[Supplied records Boundary: Start]

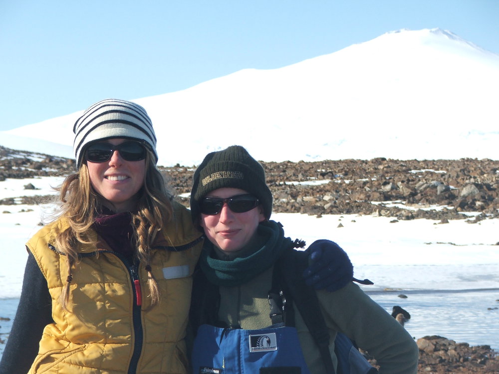 Melianie and Konnie with Mt Melbourne
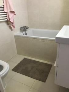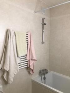 The apartment includes one bedroom with both feather and non-feather pillows, a seating area featuring a sofa bed, and a separate kitchen equipped with an oven, dishwasher, and refrigerator. The bathroom contains a bath along with toiletries like shampoo, soap, towels, and a hairdryer. Entertainment is provided by a flat-screen TV.
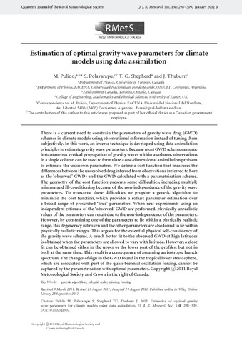 Pulido, M., Polavarapu, S., Shepherd, T.G. orcid id iconORCID: https://orcid.org/0000-0002-6631-9968 and Thuburn, J. (2012) Estimation of optimal gravity wave parameters for climate models using data assimilation. Quarterly Journal of the Royal Meteorological Society, 138 (663). pp. 298-309. ISSN 1477-870X doi: 10.1002/qj.932 (Part B)
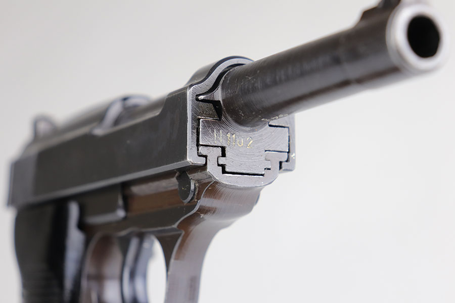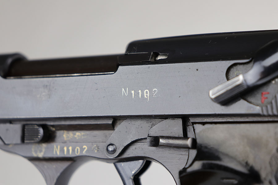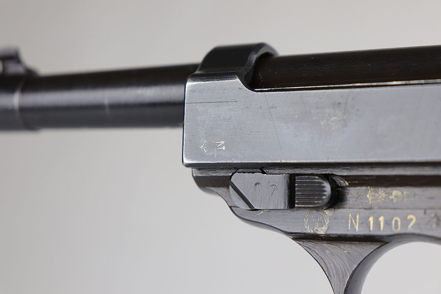 The A.B.9 inspection stamp is on the left side of frame, along with the “State Eagle” proof, Crown/U proof and “daisy” final proof marking. An Crown/N proof is on the left front slide and underside of the barrel, along with the barrel date of 8/53 (August 1953). The serial number is stamped on the left side of the frame, left side of slide, and barrel face in positions similar to Walther WW2 pistols. The barrel latch has “02” (last 2 digits of S/N) stamped on it, similar to other known examples. The lock block is unnumbered and unmarked; there are no indications it was ever marked, and there are no grinding marks. There is a noticeable rough appearance to this pistol both in the machining and the parts fitment. The poor fit of the barrel at the front is typical for these.
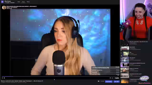 02:08:52Ein humorvoller Clip über ein Haar im Po wird gezeigt, der für allgemeine Belustigung sorgt. Die Streamerin scherzt über die Situation und das Gefühl, das viele kennen. Es wird jedoch festgestellt, dass dieser Clip nicht wirklich aus der Vergangenheit stammt, sondern nur 28 Tage alt ist, was zu einer humorvollen Rüge an den Einsender führt. Es folgt ein Clip, der vier Jahre alt ist und die Streamerin daran erinnert, dass sie zu dieser Zeit gerade erst mit dem Streamen begonnen hatte und Twitch selbst noch nicht konsumierte. Ein weiterer Clip zeigt eine unangenehme Situation, in der jemand ungefragt Bilder von einer Streamerin macht. Die Streamerin betont, wie schwierig es in solchen Momenten ist, spontan zu reagieren. Es werden weitere Clips gezeigt, die die Veränderungen von Streamern wie Leon über die Jahre hinweg beleuchten, wobei Haare und Bart als entscheidende Faktoren für das Aussehen hervorgehoben werden. Die Streamerin kommentiert die Galaxy-Leggings, die früher im Trend lagen, und die Stilveränderungen der Streamer im Laufe der Zeit. Sie schließt mit der Feststellung, dass das Wichtigste ist, sich selbst zu gefallen, unabhängig von den Meinungen anderer.
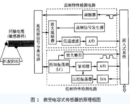 設(shè)計(jì)的微變電容式傳感器的原理框圖如圖1 所示。該傳感器由同軸電纜、高低頻信號(hào)分離電路、高頻特性檢測(cè)電路、低頻特性檢測(cè)電路和嵌入式系統(tǒng)等組成。高頻特性檢測(cè)電路監(jiān)測(cè)同軸電纜特性阻抗的變化, 而低頻特性監(jiān)測(cè)電路則監(jiān)測(cè)同軸電纜分布電容的變化, 兩電路相互補(bǔ)充完成對(duì)同軸電纜的局部變形的監(jiān)測(cè)和定位。
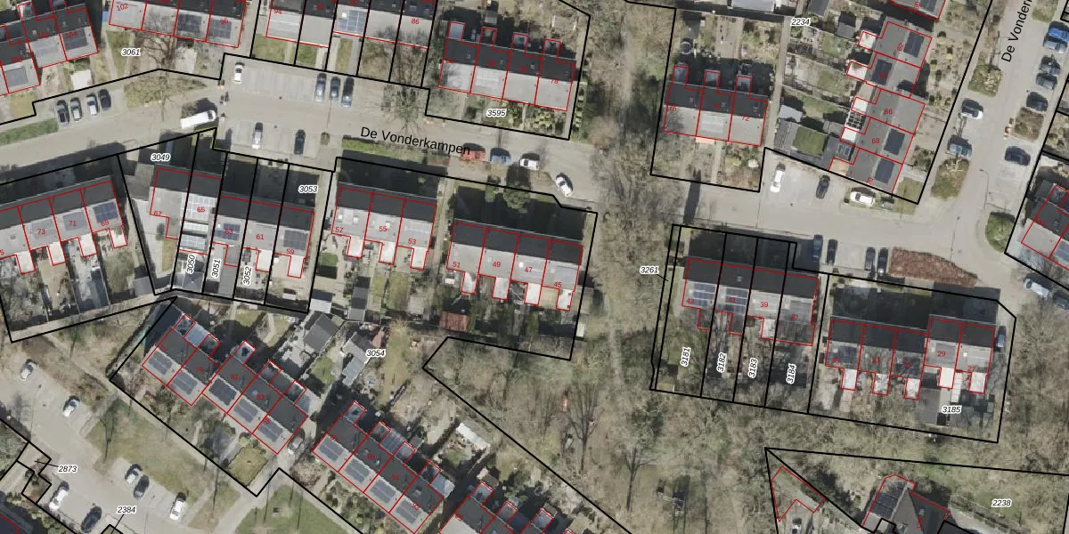 Het perceel waarop De Vonderkampen 47 staat heeft een oppervlakte van 6149 m². Dit is een zeer groot perceel. De perceeloppervlakte wordt geregistreerd door het Kadaster. Gedetailleerde informatie over de maten van dit perceel kunt u vinden in het rapport Kadastrale kaart met maatvoering van De Vonderkampen 47.
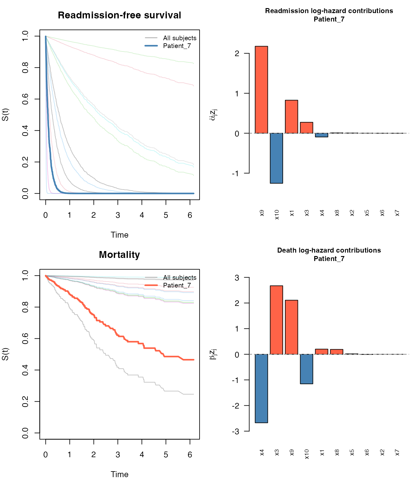 (readmission) and a terminal event (death). Death precludes
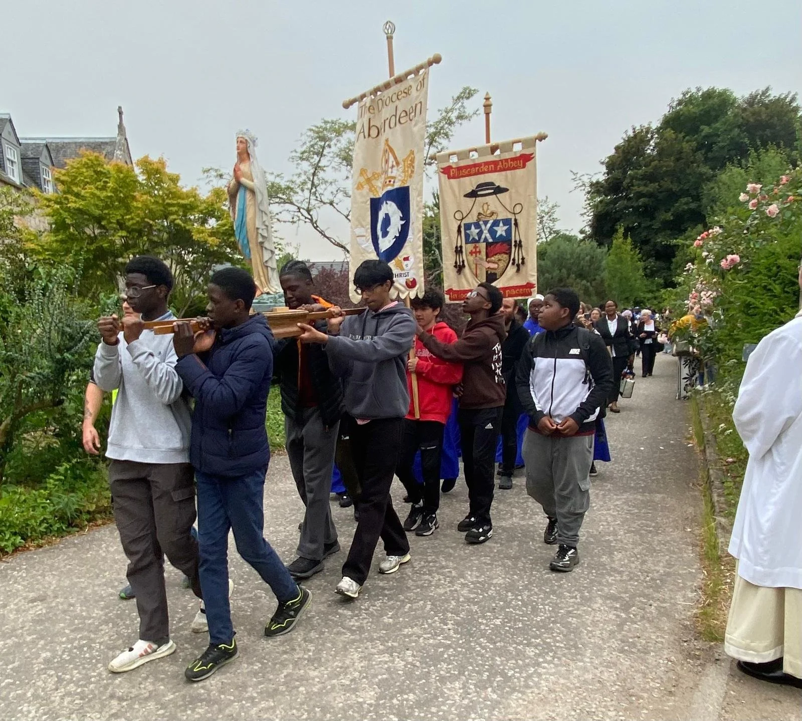 So: this year a group of 32 teenagers from Aberdeen arrived the previous afternoon. They spent the night camping out by St. Scholastica’s guest house. They then joined a good group of other young people who walked in from Elgin, to arrive in plenty of time for the Pilgrimage Mass. All of that was organised and overseen by our Religious Sisters and Diocesan Youth workers, so that the monastic brethren themselves had no related safe-guarding or health-and-safety or organisational headaches whatever!

[Supplied records Boundary: End]

**Assigned task:**
Keep the pictures out and repeat exactly the lines from the beginning of the data through the line that contains "Pulido, M., Polavarapu, S., Shepherd, T.G.", both ends included.

**Written response:**
 Melianie and Konnie with Mt Melbourne
 The apartment includes one bedroom with both feather and non-feather pillows, a seating area featuring a sofa bed, and a separate kitchen equipped with an oven, dishwasher, and refrigerator. The bathroom contains a bath along with toiletries like shampoo, soap, towels, and a hairdryer. Entertainment is provided by a flat-screen TV.
 Pulido, M., Polavarapu, S., Shepherd, T.G. orcid id iconORCID: https://orcid.org/0000-0002-6631-9968 and Thuburn, J. (2012) Estimation of optimal gravity wave parameters for climate models using data assimilation. Quarterly Journal of the Royal Meteorological Society, 138 (663). pp. 298-309. ISSN 1477-870X doi: 10.1002/qj.932 (Part B)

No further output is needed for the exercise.